[Collection entries]
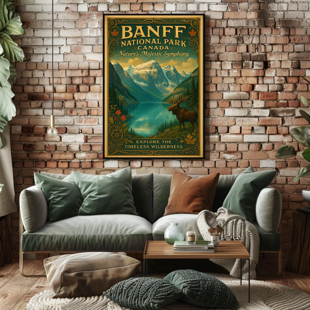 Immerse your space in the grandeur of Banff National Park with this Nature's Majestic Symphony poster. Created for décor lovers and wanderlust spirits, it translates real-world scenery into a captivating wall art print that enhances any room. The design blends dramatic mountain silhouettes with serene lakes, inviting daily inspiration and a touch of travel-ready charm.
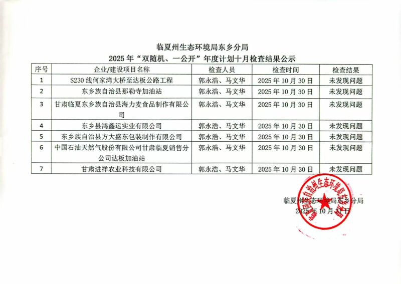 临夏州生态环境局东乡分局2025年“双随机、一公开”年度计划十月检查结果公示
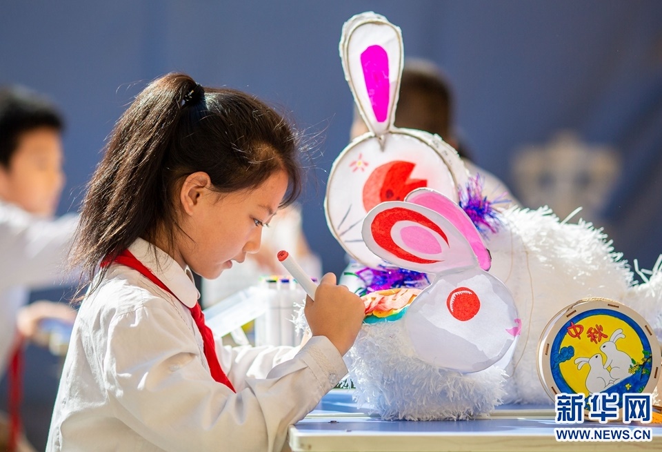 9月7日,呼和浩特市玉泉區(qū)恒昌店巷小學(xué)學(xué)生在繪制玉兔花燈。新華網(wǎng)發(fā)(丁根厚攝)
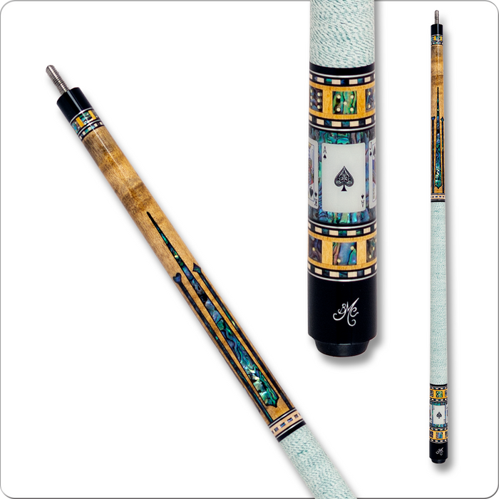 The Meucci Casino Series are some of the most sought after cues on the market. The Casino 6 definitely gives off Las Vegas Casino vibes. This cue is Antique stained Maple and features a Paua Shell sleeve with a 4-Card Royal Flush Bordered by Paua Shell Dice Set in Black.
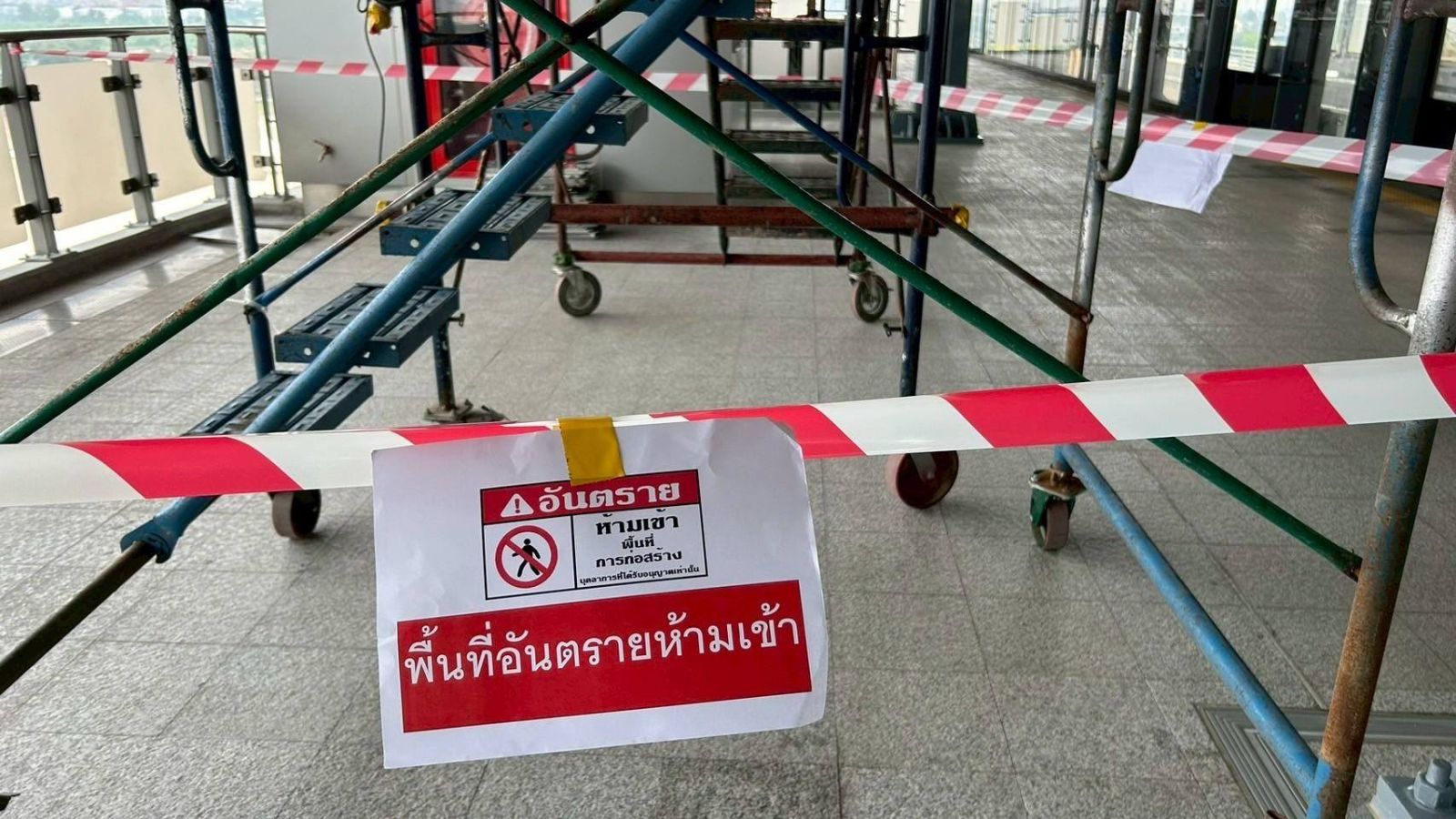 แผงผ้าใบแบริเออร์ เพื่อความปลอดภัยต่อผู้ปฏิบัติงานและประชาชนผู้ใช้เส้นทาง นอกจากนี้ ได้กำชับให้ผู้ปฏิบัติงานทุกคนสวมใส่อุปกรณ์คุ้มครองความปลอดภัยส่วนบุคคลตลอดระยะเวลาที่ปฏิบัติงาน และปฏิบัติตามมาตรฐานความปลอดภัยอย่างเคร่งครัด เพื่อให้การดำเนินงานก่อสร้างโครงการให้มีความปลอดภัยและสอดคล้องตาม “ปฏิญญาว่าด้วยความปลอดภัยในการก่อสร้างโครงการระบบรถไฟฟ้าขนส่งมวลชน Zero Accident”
==
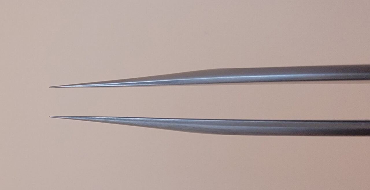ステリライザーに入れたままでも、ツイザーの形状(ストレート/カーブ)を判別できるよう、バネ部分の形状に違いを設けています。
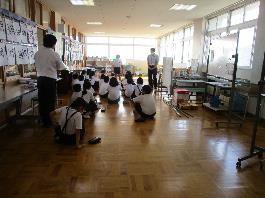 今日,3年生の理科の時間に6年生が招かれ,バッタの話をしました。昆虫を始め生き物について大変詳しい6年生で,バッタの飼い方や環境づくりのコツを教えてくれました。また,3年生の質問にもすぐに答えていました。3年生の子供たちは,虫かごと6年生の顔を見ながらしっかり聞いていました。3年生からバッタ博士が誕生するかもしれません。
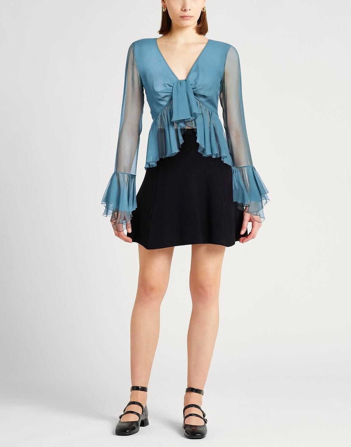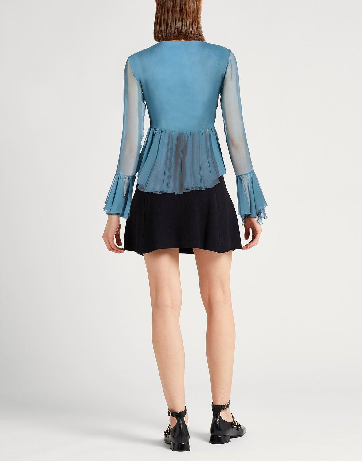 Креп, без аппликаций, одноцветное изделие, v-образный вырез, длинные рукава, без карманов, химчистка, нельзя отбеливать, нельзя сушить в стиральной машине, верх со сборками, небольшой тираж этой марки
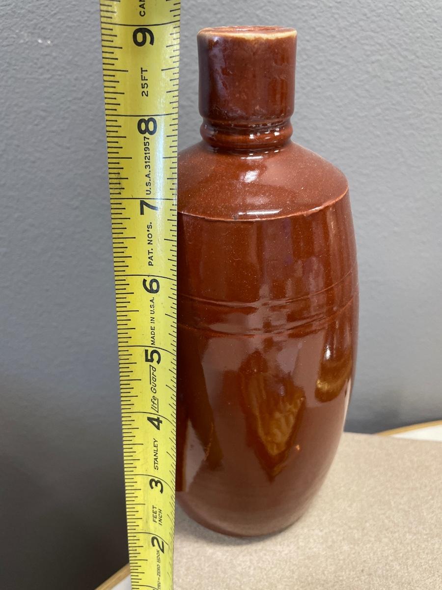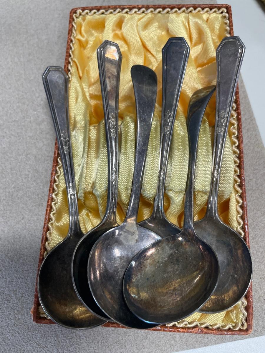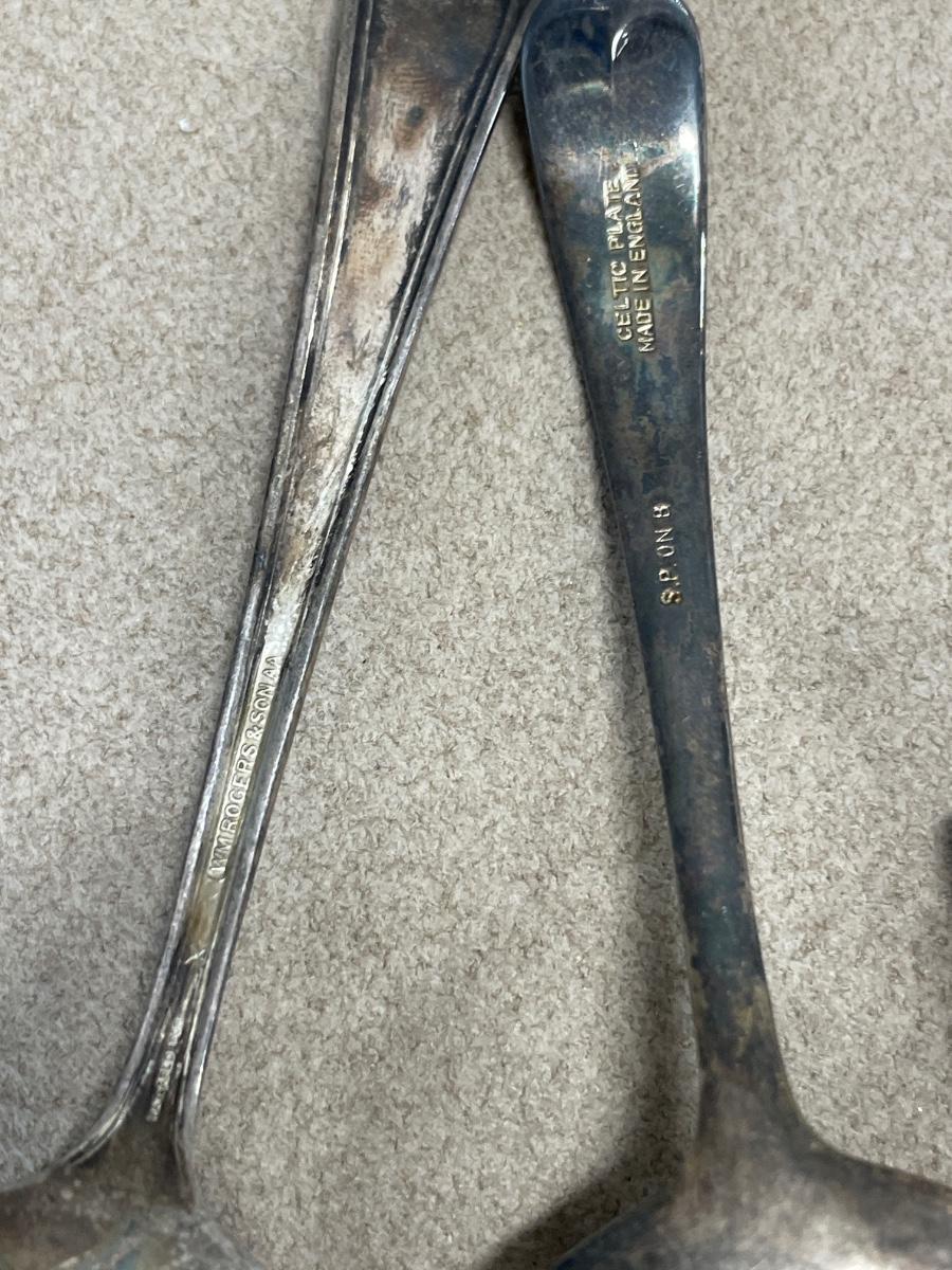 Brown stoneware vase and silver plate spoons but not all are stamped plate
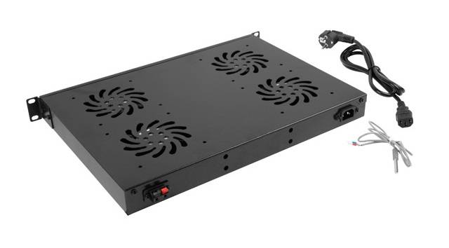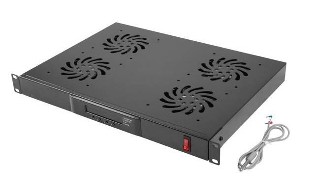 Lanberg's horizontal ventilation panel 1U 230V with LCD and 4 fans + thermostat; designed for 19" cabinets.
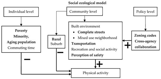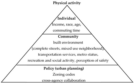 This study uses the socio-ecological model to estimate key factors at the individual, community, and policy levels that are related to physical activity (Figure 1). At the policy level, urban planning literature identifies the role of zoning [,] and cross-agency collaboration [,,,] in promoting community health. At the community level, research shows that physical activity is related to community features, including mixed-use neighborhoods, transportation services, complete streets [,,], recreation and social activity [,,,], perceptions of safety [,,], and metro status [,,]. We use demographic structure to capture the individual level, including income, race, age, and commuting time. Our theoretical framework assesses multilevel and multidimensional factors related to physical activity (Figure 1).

### [Task instructions]
Once the line with "9月7日,呼和浩特市玉泉區(qū)恒昌店" has been found above, output that line and every later line exactly, stopping after the line with "The Meucci Casino", and omit the pictures.

### [Answer]
 9月7日,呼和浩特市玉泉區(qū)恒昌店巷小學(xué)學(xué)生在繪制玉兔花燈。新華網(wǎng)發(fā)(丁根厚攝)
 The Meucci Casino Series are some of the most sought after cues on the market. The Casino 6 definitely gives off Las Vegas Casino vibes. This cue is Antique stained Maple and features a Paua Shell sleeve with a 4-Card Royal Flush Bordered by Paua Shell Dice Set in Black.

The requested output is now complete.